Nutrient measurement becomes necessary, especially when you are in a deficit of a particular nutrient and want to make sure you get the right amounts according to the Recommended Dietary Allowance (RDA). For example, you want to make sure you get the RDA of calcium, i.e. 1000mg per day. This amount of calcium is necessary to sustain healthy bone and kidney function. But how do you calculate it?
Calculating Micronutrient Content
It is simple – you can refer to the total micronutrient amount in one serving of each food group. You may also use apps such as My Fitness Pal or Cronometer to find out how many micronutrients each type of food has. I personally prefer Cronometer as it has more detailed information on the food, but My Fitness Pal links easier to other health apps.
In this situation, for example, you might want to calculate how much calcium you would get from a glass of milk. It is a fact that a full glass of whole milk contains approximately 300 mg of calcium, which is 30% of the Daily Value.

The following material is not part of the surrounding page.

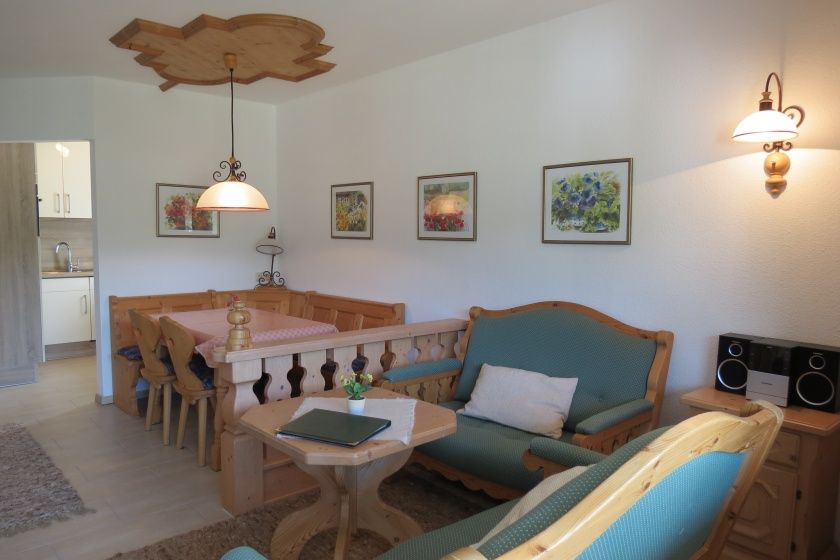 Liebevoll und zweckmäßig - auch für die ältere Generation - eingerichtet. Zwei Doppelbett Zimmer - jedes mit eigener Du/WC, Fön, kleine Diele, gemütliches Wohnzimmer im Landhausstil eingerichtet mit Essecke, Sitzgruppe, Sat-TV (Flachbild), hochwertig ausgestattete Küche mit hochgebautem Backofen, 4 Platten Ceran-Kochfeld, großer Kühlschrank mit Gefrierfach, Spülmaschine, Mikrowelle, Toaster, Kaffeemaschine, Eierkocher, Handrührgerät, Wasserkocher usw.

Now, if you want to calculate the amount of calcium from a glass of oat milk which may differ per brand, so you need to see the serving size stated in the nutrition fact panel and check for the total amount of calcium in that serving size. In most cases, the amount of calcium in a dairy product will be stated in the form of a Daily Value percentage on the nutrition fact panel.
Here, in this case, you might get a Daily Value of 30% in front of the calcium amount in the packaged container. This will be equal to 240 mg of calcium in the glass, which is 1/4th of your daily calcium needs.
Nutrition Fact Labels
This is just one example that helps to show you how micronutrient quantities are calculated in the simplest ways. The same concept applies to calculating other minerals and vitamins present in the product.
As you can see, checking nutrition fact panels and then comparing the Daily Values to the reference range by RDA’s of different micronutrients is the simplest way to measure micronutrients in one food item. If you refer to the average micronutrient amounts in set serving sizes, you will be able to get a rough idea about the micronutrient content as well.